It's been a bad sales year for the auto industry, with domestic automakers hit particularly hard. Now, even the most successful foreign brands are bracing for a hit. The Wall Street Journal reports, "Toyota isn't having an easy time in the U.S. either. The Japanese car maker may cut its 2008 sales targets in response to the toll that high gasoline prices are taking on demand in the U.S., its most important market."
The AP explains, "Toyota may scale back its ambitious target of selling more vehicles in the United States this year than it did in 2007, as damage from an economic slowdown and soaring oil prices becomes more fully known."
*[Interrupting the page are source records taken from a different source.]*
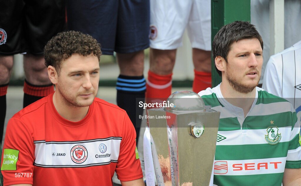 24 February 2012; In attendance at the Airtricity League 2012 launch are Ken Oman, Shamrock Rovers, and Mark Quigley, Sligo Rovers, left. Airtricity League 2012 Launch, The Herbert Park Hotel, Ballsbridge, Dublin. Picture credit: Brian Lawless / SPORTSFILE
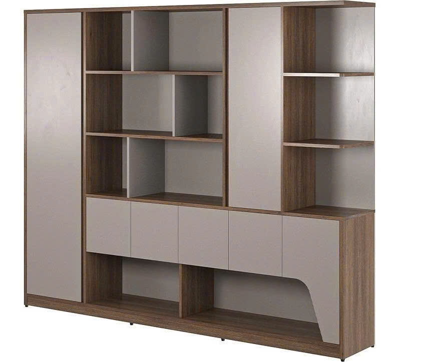 Bên trong cánh dài có suốt treo áo. Ở dưới có 2 khoang cánh kín để lưu trữ các hỗ sơ quan trọng. Phần không gian mở thiết kế có nhiều ô để tài liệu và bố trí các vật dụng trang trí trông rất trang nhã và đẹp mắt.
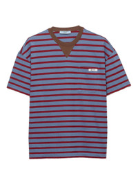 - blue and red - striped pattern - ribbed crew neck - short sleeves - front patch pocket - logo label Materials & Product Care Cotton 100%
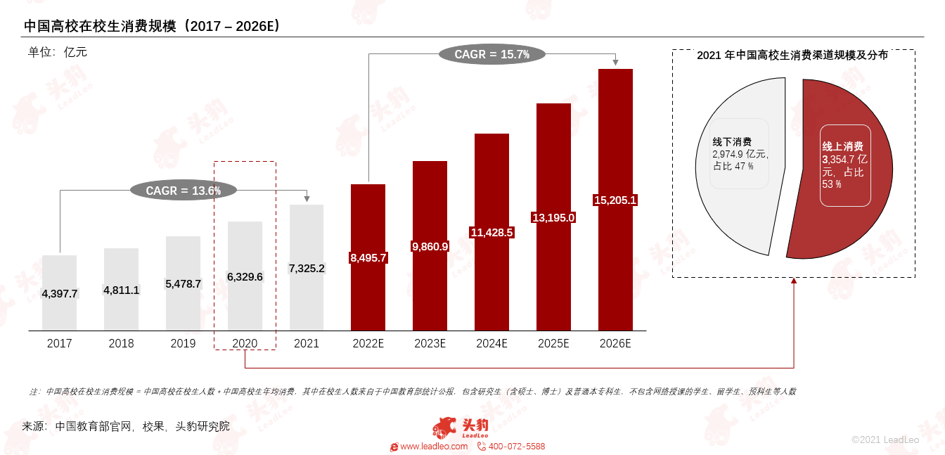 在疫情防控常態(tài)化的背景下,學(xué)生大部分的消費(fèi)被圈定在校園內(nèi),同時(shí)由于學(xué)生對(duì)于線上消費(fèi)的偏好,智慧校園新消費(fèi)互動(dòng)及校園數(shù)字化生活服務(wù)平臺(tái)因此也得到了迅速發(fā)展。頭豹研究院測(cè)算,到2026年中國高校在校生消費(fèi)規(guī)模將達(dá)到 15,205.1億元,也將為平臺(tái)創(chuàng)造廣闊的成長空間。
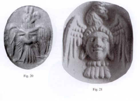Fig. 21. Sceau romain avec aigle dont le corps est un visage humain. Kunsthistorisches Museum, Vienne, no. d' inv. XI B 483. Photographie d' après LIMC, IV, 1988, p. 166, 266.
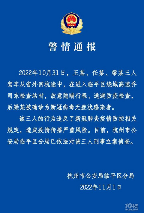 三人驾车从省外回杭途中,故意隐瞒行程,已被刑事立案侦查
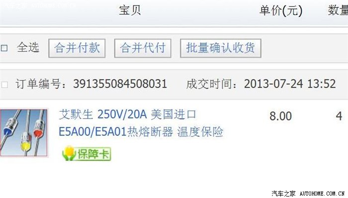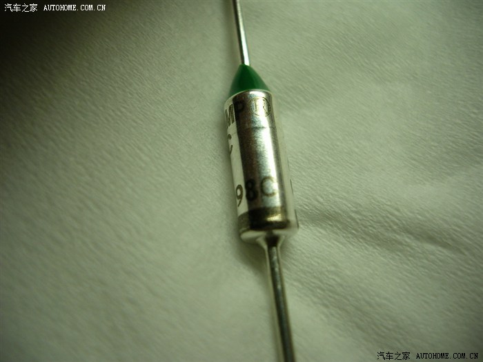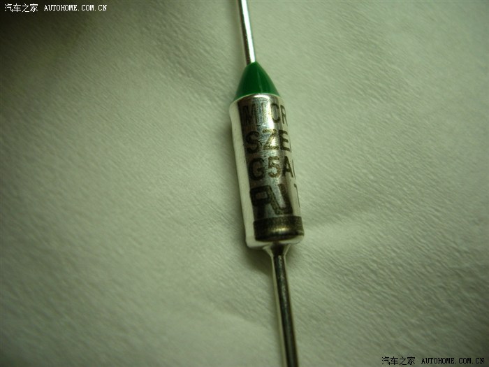 找到一个颜色(代表熔断温度---绿色98度)接近的,实测15A电流不熔断,临时装上应急...
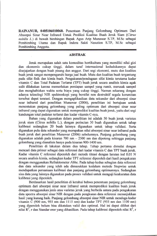 Baca Juga : KALIBRASI TRANSMISI SINAR NEAR INFRARED UNTUK MENGUJI KANDUNGAN TOTAL PADATAN TERLARUT DAN VITAMIN C BUAH JERUK SIAM (CITRUS NOBILIS L.) SECARA NON DESTRUKTIF (Nurisna, 2024)
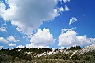 The park centers on the Khvalynsk Mountains, a raised plateau that stretches along the west bank of the Volga River (referred to as the 'Right Bank'). Because the bedrock is primarily chalk and marl, the landform reflects extensive erosion out from the center of the ridge, with undulating and hilly terrain and numerous interconnected ravines and gullies. The varied landforms create many micro-climates and habitats. The highest mountain (Belenkaya, almost entirely of chalk) is 369 meters in altitude, and there are five other mountains over 250 meters in height. The mountains in the park are mostly covered with upland forest trees.[1] The Volga reaches its greatest depths (22 meters) in the territory of the park.[2]
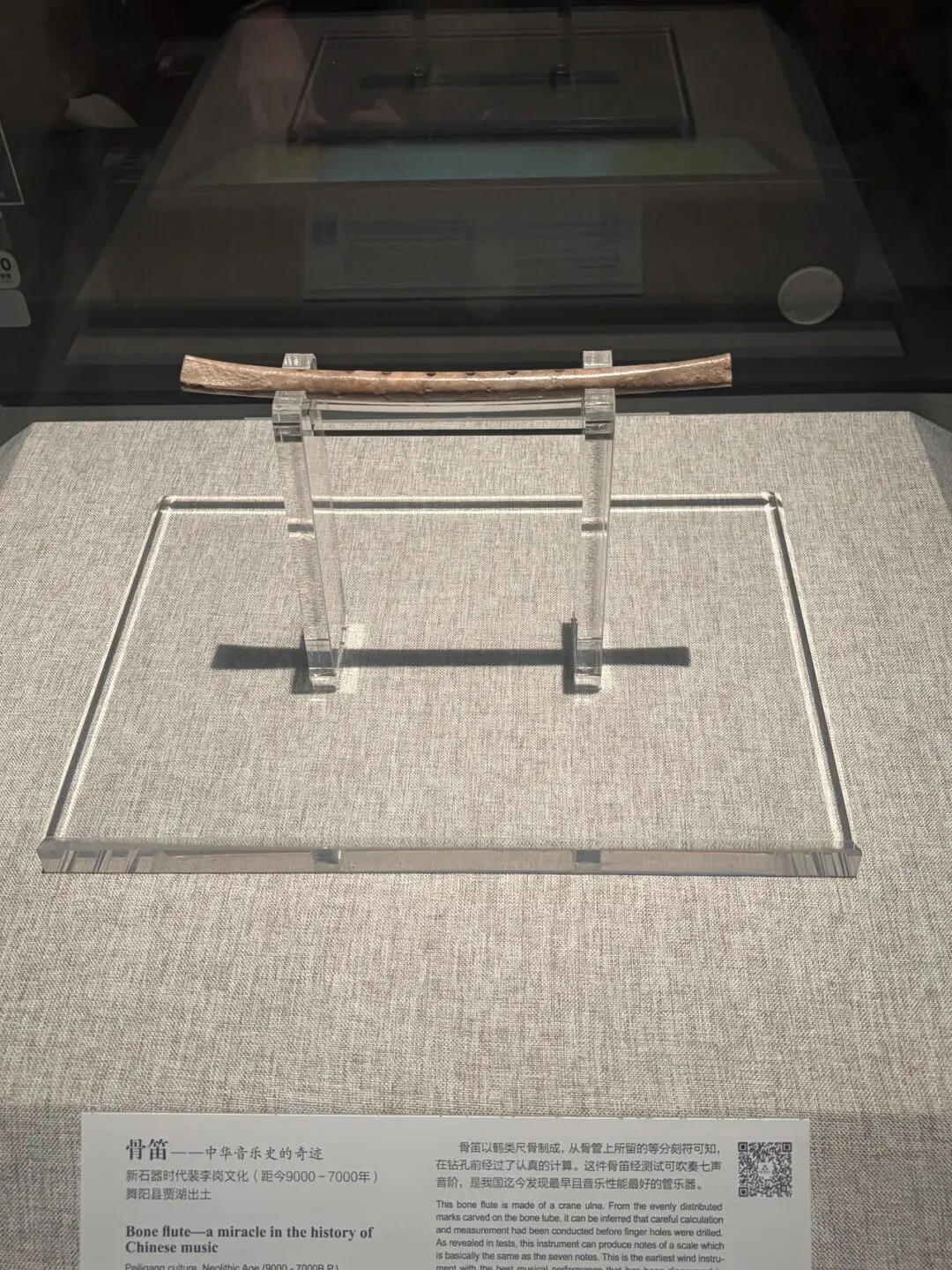 1、贾湖骨笛(一楼1号展厅),用丹顶鹤的尺骨做成的七孔骨笛,距今已有8000多年历史,能吹七声音阶,是真正的中华第一笛。

The news is particularly significant because many Asian automakers had, until now, been somewhat insulated from the forces hurting sales of domestic automobiles. Bloomberg notes that "Toyota's U.S. sales through May dropped 3.5 percent. In contrast, GM's sales plunged 15.8 percent, dragged down by a 22 percent decline in truck sales. Ford's sales dropped 11 percent in the period."
Toyota is now the world's largest automaker, and a sales decline at GM this year has made that dominance more pronounced than ever before. U.S. News & World Report's Rick Newman has written that Toyota's 2007 profit was "about $15 billion, more than GM's entire market capitalization of about $10 billion."
When the world's largest automaker could buy the second largest with less than one year's profits, it seems reasonable to think they've mastered selling automobiles in any market. It's hard to imagine a worse sign for the automotive industry than to see that company start lowering its expectations.